• Wednesday, June 29, 2022


‘Abide by the country’s laws’, India warns US social media firms

Twitter co-founder Jack Dorsey. (Photo by Drew Angerer/Getty Images)

By: Pramod Thomas

INDIA’s technology minister Ravi Shankar Prasad on Thursday(11) warned US social media firms to abide by the country’s laws, a day after a face-off between prime minister Narendra Modi’s administration and Twitter over content regulation.

Speaking in Parliament on Thursday, IT minister Ravi Shankar Prasad called out Twitter, Facebook, LinkedIn and WhatsApp by name and said they were welcome to operate in India, but only if they play by India’s rules.

“You will have to follow the Constitution of India, you will have to abide by the laws of India,” said Prasad.

India rebuked Twitter on Wednesday(10) after the US social media giant refused to fully comply with a government order to take down over 1,100 accounts and posts which New Delhi claims spread misinformation about the farmer protests against new agriculture reforms.

Twitter said it had not blocked all of the content because it believed the directives were not in line with Indian laws.

In a blog post, Twitter said it did “not believe that the actions we have been directed to take are consistent with Indian law”.

“In keeping with our principles of defending protected speech and freedom of expression, we have not taken any action on accounts that consist of news media entities, journalists, activists, and politicians,” the San Francisco-headquartered company said.

“To do so, we believe, would violate their fundamental right to free expression under Indian law.”

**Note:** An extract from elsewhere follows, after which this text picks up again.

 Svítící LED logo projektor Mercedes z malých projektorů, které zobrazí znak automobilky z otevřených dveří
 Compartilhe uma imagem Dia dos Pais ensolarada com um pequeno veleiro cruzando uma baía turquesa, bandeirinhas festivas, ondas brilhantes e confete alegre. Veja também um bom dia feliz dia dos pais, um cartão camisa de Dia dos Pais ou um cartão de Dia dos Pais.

That prompted censure from India’s tech ministry and calls from politicians to urge their followers to join Twitter’s home-grown local rival, Koo. Some local personalities including commerce and industry minister Piyush Goyal have opened accounts on Koo.

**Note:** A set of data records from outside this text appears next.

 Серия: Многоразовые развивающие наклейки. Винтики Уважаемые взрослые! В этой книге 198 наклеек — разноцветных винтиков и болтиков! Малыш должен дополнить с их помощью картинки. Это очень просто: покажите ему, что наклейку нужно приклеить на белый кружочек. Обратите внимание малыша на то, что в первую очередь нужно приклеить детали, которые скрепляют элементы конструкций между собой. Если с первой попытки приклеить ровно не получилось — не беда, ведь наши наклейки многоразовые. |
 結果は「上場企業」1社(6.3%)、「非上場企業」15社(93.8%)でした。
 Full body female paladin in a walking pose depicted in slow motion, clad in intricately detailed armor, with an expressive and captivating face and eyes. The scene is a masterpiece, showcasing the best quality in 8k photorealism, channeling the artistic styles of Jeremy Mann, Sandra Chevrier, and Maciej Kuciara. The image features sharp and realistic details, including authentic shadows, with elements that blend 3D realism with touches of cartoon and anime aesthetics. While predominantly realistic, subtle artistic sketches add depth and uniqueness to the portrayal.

Indian farmers have camped on roads leading into the capital New Delhi since late November as they call for the new laws to be repealed, in one of the biggest challenges to prime minister Narendra Modi’s government since it came to power in 2014.

International celebrities including pop superstar Rihanna and climate activist Greta Thunberg have even weighed in, drawing the ire of the foreign ministry, which called their online comments “sensationalist”.